6 Most Common Reasons for Salesforce Data Loss
Salesforce data loss is a major concern for every business. It can affect compliance with government regulations, cost massive amounts of money, threaten the functionality of the Salesforce environment, and impact consumer trust.
And while data breaches are only one form of data loss, it’s indicative of how important it is to take these matters seriously. Data loss has major effects on the functionality of your system at large.
Restoring operations takes your team members away from their important tasks and delays future releases, degrading customer experience and threatening their confidence in your company’s ability to protect their sensitive information.
The first step toward protecting yourself from the harmful effects of Salesforce data loss is to make sure your team members are aware of potential threats.
1. Accidental Deletion
Depending on which source you trust, accidental deletion is responsible from anywhere between 50% and 90% of data loss. But even if the specific percentage value is disputed, it’s agreed that accidental deletion is the leading threat to your Salesforce data.
A simple click in the wrong place—or even a spilled beverage—can lead to essential Salesforce data being deleted from your system.
These accidents can have drastic impacts on the functionality of your system. Regulatory compliance can even be impacted if the affected information isn’t properly protected and handled.
And while you can’t exactly put systems in place to keep an accident from happening, you can plan for these inevitable mistakes. A reliable data backup and recovery plan is the only way to guarantee you won’t feel the negative effects from an accidental deletion of important Salesforce data.
Cyberattacks might not be the top reason for Salesforce data loss, but it’s probably what pops into people’s minds the most when they think of digital threats. And this is for good reason—hackers are attacking systems every 39 seconds.
Cyberattacks often directly target your system data with the goal of stealing information, compromising it, or holding it hostage for a ransom.
Your Salesforce system data is very attractive to cybercriminals no matter your industry.
Of course, some industries are more highly targeted than others. Healthcare and financial services industries will face a higher risk of cyberattacks because of the sensitive information inherent to their businesses.
Government regulations are in place to stipulate proper handling of personally identifiable information (PII) because of the risk it poses to customers should it become compromised.
Ransomware, phishing, and malware are common types of cybercrime that can be guarded against by communicating a series of best practices to your team members.
3. Hardware Failure
Computer systems are made up of many different moving parts. Working in the cloud might seem untouchable, but all processes are rooted within a server.

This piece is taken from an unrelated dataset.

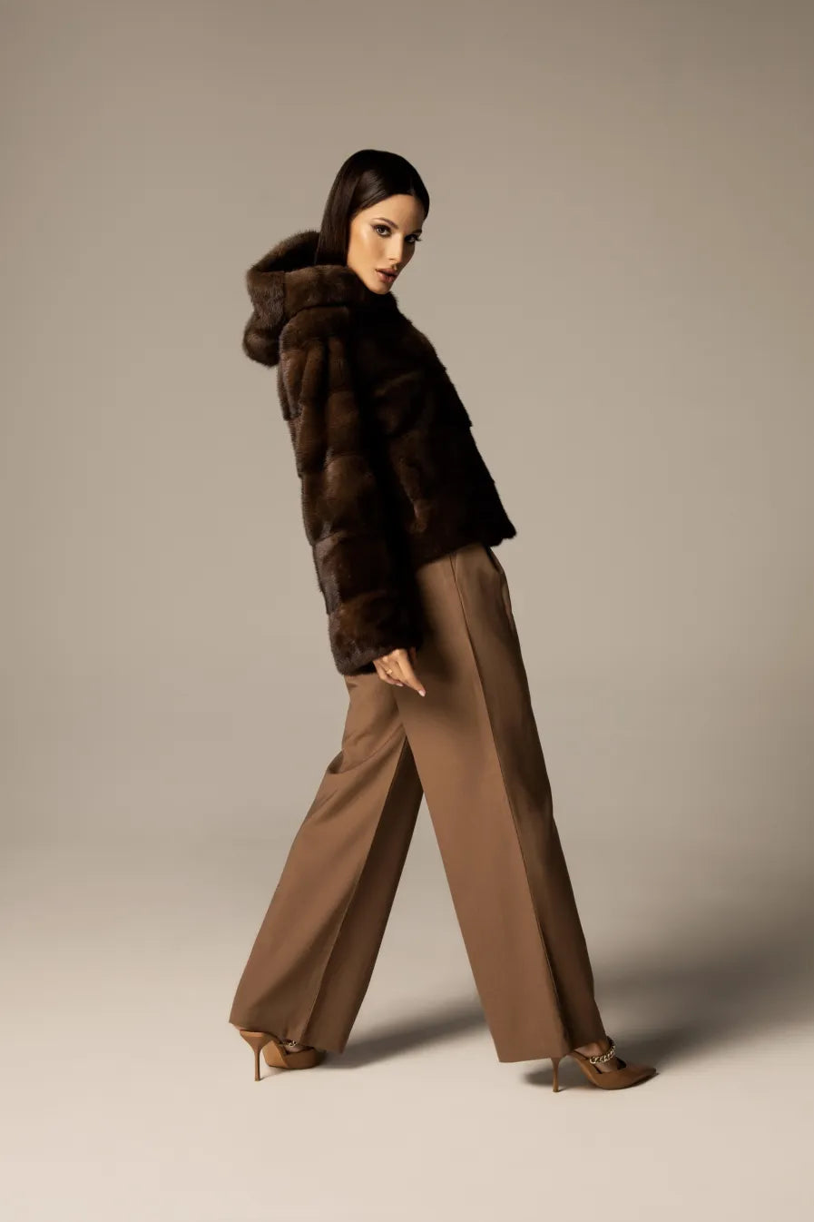 GRETA Brown mink hoodie coat

And if it’s connected to a piece of hardware, there’s always the chance that this hardware can become damaged or corrupted.
Natural disasters, human error, and more can lead to harmful damage of your computing hardware and lead to data loss.

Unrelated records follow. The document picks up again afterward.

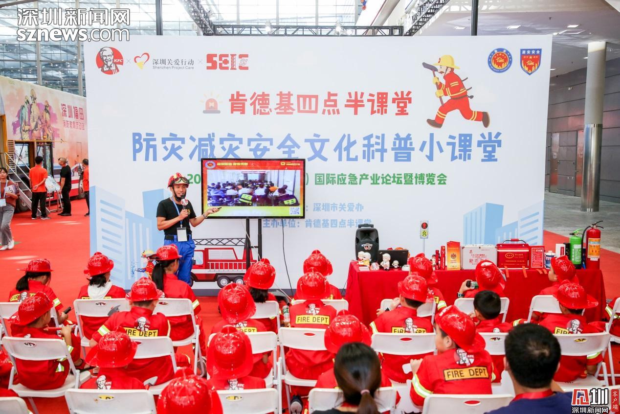 見(jiàn)圳客戶端、深圳新聞網(wǎng)2019年9月23日訊(見(jiàn)圳客戶端、深圳新聞網(wǎng)記者 陳彬)頭戴消防安全帽,手持mini滅火器,身穿靚麗正紅的消防服裝,9月21日,在深圳會(huì)展中心的深圳國(guó)際應(yīng)急博覽會(huì)上,一群可愛(ài)的小小消防員們吸引了全場(chǎng)的目光。原來(lái),這是“肯德基四點(diǎn)半防災(zāi)減災(zāi)科普小課堂”正在深圳國(guó)際應(yīng)急博覽會(huì)上舉行。30名小朋友們裝備齊全,神采奕奕地 cosplay了一把“小小消防員”。他們認(rèn)真聽消防教官的科普演講,參觀消防教育科普雙層巴士,近距離感受消防車、應(yīng)急無(wú)人機(jī)等專業(yè)的防災(zāi)救援高科技裝備的硬核魅力……獨(dú)特的消防體驗(yàn)讓同學(xué)們十分興奮。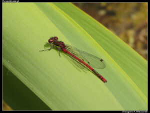 Zacznijmy od ważek, które są jednymi z moich ulubionych owadów. O tej porze roku zazwyczaj nad każdym stawem można spotkać ich setki, a Ogród naprawdę obfituje w ich liczne gatunki. Niestety, nie w tym sezonie. Wczodząc do Ogrodu od strony Retkini, zawsze skręcam w lewo i mijam pokaźny kompleks stawów położonych wśród rozległych łąk. Porastają je trzciny i inne wodne roślin, na brzegach pełno jest roślinności, wśród której buszują owady. Jednym słowem – prawdziwy raj dla ważek. Tymczasem w tym roku nie widziałem w tej okolicy ani jednego osobnika! Tak źle chyba jeszcze nigdy nie było. Nieco lepiej sytuacja wygląda na mniejszych zbiornikach wodnych w laskach bukowych. Tam udało mi się spotkać kilka razy łunicę czerwoną (Pyrrhosoma nymphula), pięknie ubarwiony gatunek, który widuję raz na kilka lat. Ważki te do tej pory widywałem na jednym ze stawów w Ogrodzie Japońskim, jednak ich okres występowania był na tyle krótki, że często – z powodu pogody czy braku czasu – nie widziałem ich w danym roku wcale. Tym razem łunice dopisały, są widoczne przez dłuższy czas i w innych miejscach. Udało mi się spotkać zarówno samce, jak i samice. Nie było ich dużo, ale kilkanaście osobników latających jednocześnie to i tak w tym kiepskim sezonie doskonały wynik.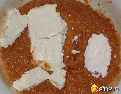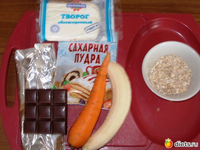 За счёт того, что банан и морковь дадут немного сока, наш творог не будет сухим.

Data stored within a damaged system can become inaccessible. And any data that isn’t backed up in a separate location will be lost.

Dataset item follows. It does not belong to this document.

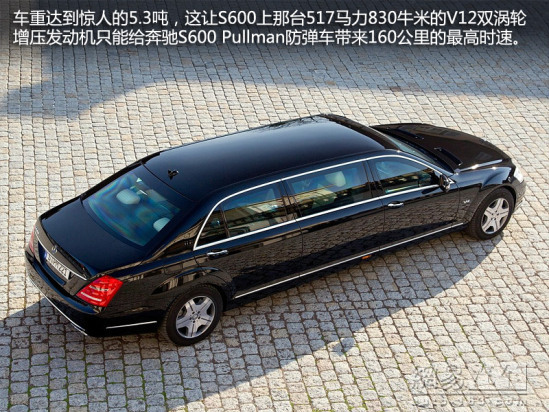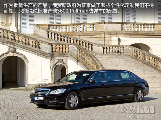 还是先来说说普京的这部奔驰S600 Pullman防弹车吧,作为批量生产的产品,俄罗斯政府为普京做了哪些个性化定制我们不得而知,只能说说标准奔驰S600 Pullman防弹车的配置。奔 驰S600 Pullman防弹车全长6356mm,轴距达到4315mm。车重达到惊人的5.3吨,这让S600上那台517马力830牛米的V12双涡轮增压发动机只能给奔驰S600 Pullman防弹车带来160公里的最高时速。

Much like accidental deletions, which we discussed earlier, this is not a threat that can be completely guarded against. Preparation is the only way to protect yourself from its harmful effects, and strategic backups of your Salesforce system are the best way to do so.
4. Corrupted Software
Anybody who’s worked on a development project knows that the software we use every day is built with a series of interconnected parts. Corruption of even a single aspect of this construction can lead to the failure of the whole program.
Improper shutdowns—perhaps during a power outage—can corrupt your data and erase any unsaved information.
Our computer systems are more fragile than we might like to think. Forcing a shutdown during an update can lead to this update impacting important areas of the system. And when something misfires, it can create large headaches.
Ensuring your team members frequently save their progress and follow all recommended usage practices will help guard against contributing to software corruption and potentially losing important Salesforce data.
5. Mishandling Metadata
Metadata is an essential aspect of a well-functioning Salesforce environment. Here are a few Salesforce features that are powered by metadata:
- Platform customizations
- Screen and page layouts
- Permission information
- Interconnected fields
- Creation information
Every piece of information from a screen change for a form, updating customer information, or a new piece of code update generates metadata.
This information needs to be protected as much as any other type of Salesforce system data. Failure to do so will result in these operations grinding to a halt. Input data might populate the wrong field and become lost. Stored repositories can become missing.
Improper handling of metadata can compromise release quality, lead to downtime, and expose sensitive or protected data.
Automation can be utilized to reduce errors from manual process. Metadata needs to be protected and controlled at a granular level. A failure to do so will have wide-ranging effects on your Salesforce system.
6. Bad Code
The stability of your Salesforce environment is directly tied to the quality of code with which it is built.
Any errors in the coding structure that make it through the development pipeline and into production instantly become a liability and can contribute to lost or corrupted data.
This includes examples of improperly linked fields, as we saw with mishandling metadata. Bad code can also create Salesforce data security issues that contribute to cyberattacks.
Continually verifying the quality of all code integrations will not only provide the best possible product, but it will also create a more secure product. Static code analysis automates this process to alert developers to coding errors in real time, instead of waiting for a future checkpoint.
This saves time and money, while also contributing to successful deployments and a reduction in the likelihood of data loss.